Finally, let's test our trained bandit with specific contexts to see if it has learned the optimal policy:

In [None]:
# Define test contexts
test_contexts = [
 [2.0, -1.0, 0.0], # High feature 1, low feature 2
 [-1.0, 2.0, 0.0], # Low feature 1, high feature 2
 [1.0, 1.0, 0.0], # High feature 1 and 2
 [-1.0, -1.0, 0.0], # Low feature 1 and 2
]
test_contexts = scaler.transform(test_contexts)

# Test predictions
results = []
for i, context in enumerate(test_contexts):
 context_reshaped = context.reshape(1, -1)
 pred_actions, probs, weighted_sums = cmab.predict(context=context_reshaped)
 chosen_action_quantity = pred_actions[0]
 chosen_action_probs = {action: probs[0][chosen_action_quantity] for action in actions}
 chosen_action = chosen_action_quantity[0]
 chosen_quantities = chosen_action_quantity[1][0]
 chosen_action_probs = probs[0][chosen_action_quantity]

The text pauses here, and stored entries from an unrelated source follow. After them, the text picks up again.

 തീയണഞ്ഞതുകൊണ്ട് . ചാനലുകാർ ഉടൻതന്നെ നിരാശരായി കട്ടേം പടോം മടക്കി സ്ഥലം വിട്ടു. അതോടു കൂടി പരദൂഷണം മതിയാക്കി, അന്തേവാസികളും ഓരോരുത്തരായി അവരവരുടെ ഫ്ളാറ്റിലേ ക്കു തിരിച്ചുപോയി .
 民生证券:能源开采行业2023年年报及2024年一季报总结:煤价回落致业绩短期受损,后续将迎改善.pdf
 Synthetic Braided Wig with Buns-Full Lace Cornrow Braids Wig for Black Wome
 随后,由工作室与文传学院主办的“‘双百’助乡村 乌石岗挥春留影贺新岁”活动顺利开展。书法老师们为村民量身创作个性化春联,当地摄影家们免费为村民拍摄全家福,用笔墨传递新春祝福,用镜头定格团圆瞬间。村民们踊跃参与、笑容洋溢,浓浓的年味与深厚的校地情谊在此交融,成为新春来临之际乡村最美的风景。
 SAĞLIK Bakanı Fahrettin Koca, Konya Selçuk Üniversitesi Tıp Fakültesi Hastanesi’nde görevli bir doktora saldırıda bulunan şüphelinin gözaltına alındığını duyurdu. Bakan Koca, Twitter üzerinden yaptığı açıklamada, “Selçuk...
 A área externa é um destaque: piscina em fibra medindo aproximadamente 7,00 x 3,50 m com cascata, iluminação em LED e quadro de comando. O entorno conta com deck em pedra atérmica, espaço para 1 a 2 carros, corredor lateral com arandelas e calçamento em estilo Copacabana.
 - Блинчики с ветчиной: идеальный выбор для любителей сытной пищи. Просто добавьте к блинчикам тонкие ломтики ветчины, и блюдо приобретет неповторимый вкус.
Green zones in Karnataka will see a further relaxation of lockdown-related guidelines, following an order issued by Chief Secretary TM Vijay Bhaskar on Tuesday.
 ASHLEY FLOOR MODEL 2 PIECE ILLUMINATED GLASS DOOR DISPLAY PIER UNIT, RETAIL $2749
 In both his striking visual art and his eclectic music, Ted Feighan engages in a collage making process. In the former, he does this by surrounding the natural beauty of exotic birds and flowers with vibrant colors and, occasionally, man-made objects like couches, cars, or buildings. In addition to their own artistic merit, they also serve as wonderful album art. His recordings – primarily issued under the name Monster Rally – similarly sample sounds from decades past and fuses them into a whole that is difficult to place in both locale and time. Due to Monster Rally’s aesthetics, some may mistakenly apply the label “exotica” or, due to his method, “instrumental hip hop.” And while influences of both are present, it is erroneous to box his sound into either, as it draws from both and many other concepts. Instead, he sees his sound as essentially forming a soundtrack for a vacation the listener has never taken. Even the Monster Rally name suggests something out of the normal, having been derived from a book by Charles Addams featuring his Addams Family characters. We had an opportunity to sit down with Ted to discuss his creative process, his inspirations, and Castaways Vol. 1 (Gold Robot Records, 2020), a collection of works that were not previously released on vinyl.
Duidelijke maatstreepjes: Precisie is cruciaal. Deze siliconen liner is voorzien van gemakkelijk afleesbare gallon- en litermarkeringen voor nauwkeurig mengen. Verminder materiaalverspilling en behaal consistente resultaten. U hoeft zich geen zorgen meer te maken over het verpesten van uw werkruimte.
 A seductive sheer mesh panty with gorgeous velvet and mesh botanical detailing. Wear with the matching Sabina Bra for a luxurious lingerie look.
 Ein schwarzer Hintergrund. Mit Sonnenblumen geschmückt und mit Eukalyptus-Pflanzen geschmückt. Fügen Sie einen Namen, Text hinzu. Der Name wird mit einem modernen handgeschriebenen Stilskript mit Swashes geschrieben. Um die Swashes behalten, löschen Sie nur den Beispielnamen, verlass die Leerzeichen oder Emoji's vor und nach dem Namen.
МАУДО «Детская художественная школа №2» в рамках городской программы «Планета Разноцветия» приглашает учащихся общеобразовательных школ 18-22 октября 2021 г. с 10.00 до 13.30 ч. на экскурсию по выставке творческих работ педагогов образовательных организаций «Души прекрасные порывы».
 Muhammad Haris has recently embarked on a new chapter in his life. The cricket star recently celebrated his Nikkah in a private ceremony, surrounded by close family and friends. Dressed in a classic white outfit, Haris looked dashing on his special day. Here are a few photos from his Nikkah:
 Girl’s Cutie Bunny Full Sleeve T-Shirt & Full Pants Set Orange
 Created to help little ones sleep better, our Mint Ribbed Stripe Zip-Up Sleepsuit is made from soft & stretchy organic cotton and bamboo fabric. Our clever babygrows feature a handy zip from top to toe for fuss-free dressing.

 # Sample optimal quantity for the chosen action
 # In a real application, you would have a method to test different quantities
 # Here we'll use our knowledge of the true optimal values
 if chosen_action == "action_1":
 optimal_quantity = 0.25
 else:
 optimal_quantity = 0.75

 # Expected reward probability
 expected_reward = reward_function(chosen_action, optimal_quantity, context)

 results.append(
 {
 "Context": context,
 "Chosen Action": chosen_action,
 "Action Probabilities": chosen_action_probs,
 "Optimal Quantity": optimal_quantity,
 "Expected Reward": expected_reward,
 }
 )

# Display results
for i, result in enumerate(results):
 context_type = ""
 if i == 0:
 context_type = "High feature 1, low feature 2"
 elif i == 1:
 context_type = "Low feature 1, high feature 2"
 elif i == 2:
 context_type = "High feature 1 and 2"
 elif i == 3:
 context_type = "Low feature 1 and 2"

 print(f"\nTest {i + 1}: {context_type}")
 print(f"Context: {result['Context']}")
 print(f"Chosen Action: {result['Chosen Action']}")
 print(f"Action Probabilities: {result['Action Probabilities']}")
 print(f"Optimal Quantity: {result['Optimal Quantity']:.2f}")
 print(f"Expected Reward: {result['Expected Reward']}")

## Conclusion

The CMAB Zooming model extends the concept of adaptive discretization to contextual bandits. This approach allows efficient exploration and exploitation of continuous action parameters while taking context into account. It adaptively refines the segmentation of the parameter space, concentrating more segments in high-reward regions for finer discretization.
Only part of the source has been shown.